We agree with the reviewer that sharing true labels across clients could introduce privacy risks, however, the introduced risks are comparable to those introduced by gradient updates in FedAvg-style methods. We had actually tested privacy leakage due to sharing true labels in our submitted manuscript with a reconstruction-attack analysis under different mitigation strategies (Fig. 17, Appendix E). We found that under compression alone, reconstructions are significantly noisy, and when combined with random Gaussian projection, reconstruction becomes effectively impossible.

  1. “The claim that the proposed method reduces the number of communication rounds to reach a target accuracy could mislead readers into assuming it improves overall communication efficiency… For a fair comparison, the method should be evaluated based on the total communication overhead required to achieve the target accuracy, rather than just the number of rounds.”

We will update the manuscript to explicitly highlight communication trade-offs in NTK-DFL. Specifically, while our method significantly reduces the number of rounds needed to reach target accuracy, each round involves higher communication overhead due to Jacobian exchange. Please see Response 2 to Reviewer oV9C for a clear comparison of communication cost versus the test accuracy for NTK-DFL and DFedAvg, the best-performing baseline.

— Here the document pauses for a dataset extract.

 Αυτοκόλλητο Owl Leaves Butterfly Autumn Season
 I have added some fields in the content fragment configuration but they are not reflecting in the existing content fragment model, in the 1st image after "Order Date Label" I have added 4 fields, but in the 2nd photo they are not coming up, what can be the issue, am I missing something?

For a detailed description of settings where the communication rounds are an important metric, see Response 1 to Reviewer Zq37.

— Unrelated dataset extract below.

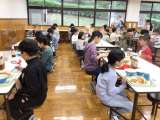食事係の児童が準備を頑張ってくれました。予定より早くいただいています。たっぷり...

  1. “Technical novelty is limited because the NTK-based update rule has been proposed in previous works and its validity for mitigating data heterogeneity also has been shown.”

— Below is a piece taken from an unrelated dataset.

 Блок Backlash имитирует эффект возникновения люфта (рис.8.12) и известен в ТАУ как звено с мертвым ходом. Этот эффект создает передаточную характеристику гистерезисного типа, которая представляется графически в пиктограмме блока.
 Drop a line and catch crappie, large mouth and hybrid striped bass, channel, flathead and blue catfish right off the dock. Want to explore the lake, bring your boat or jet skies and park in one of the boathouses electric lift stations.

We will again kindly direct the reviewer to our Response 2 to Reviewer Zq37.

  1. “It would be good to include the results of the incorporation of several compression techniques (sparsification) with other baselines.”

We plan to update Figure 15 to include a comparison of compression techniques with other baselines. Notably, gradient-based DFL methods perform significantly worse under the aggressive compression used in NTK-DFL. For example, DFedAvg reaches only ~55% test accuracy when both sparsification and quantization are applied, although it maintains better performance when subjected to quantization alone. Conversely, NTK-DFL is able to withstand severe quantization and compression while only sacrificing 1-2% performance degradation over the same number of communication rounds.

  1. “Why do model variance and final test accuracy on Fashion-MNIST show positive correlations? Can you provide more detailed discussion or analysis for that relation? How can we define moderate or severe dissimilarity between client weights?”

We thank the reviewer for raising this insightful question about the relationship between model variance and test accuracy, as well as the criteria for defining weight dissimilarity. Model averaging benefits from a diverse set of client solutions that generalize better when averaged together than any single model. Furthermore, weight dissimilarity can be quantified in many ways. For example, in Sahu et al. (2018), the norm of the weight difference is used as a metric to tune the FL updates. A mathematical formulation of “moderate” vs. “severe” dissimilarity between client weights may be grounds for a paper itself, and therefore we leave it to future work. We plan to update the end of the section “Gains Due to Final Model Aggregation” to include the discussion of this phenomenon based on our response above.

References

  • Anit Kumar Sahu et al. (2018). Federated Optimization in Heterogeneous Networks.
  • Greg Yang. (2019). Tensor Programs I: Wide Feedforward or Recurrent Neural Networks of Any Architecture are Gaussian Processes. 33rd Conference on Neural Information Processing Systems (NeurIPS 2019), Vancouver, Canada.
最终决定

The paper applies the NTK in FL, to guide the client models via a synergy of NTK evolution and FL aggregation. It is shown that the proposed method can scale well through different datasets, topologies and heterogeneities.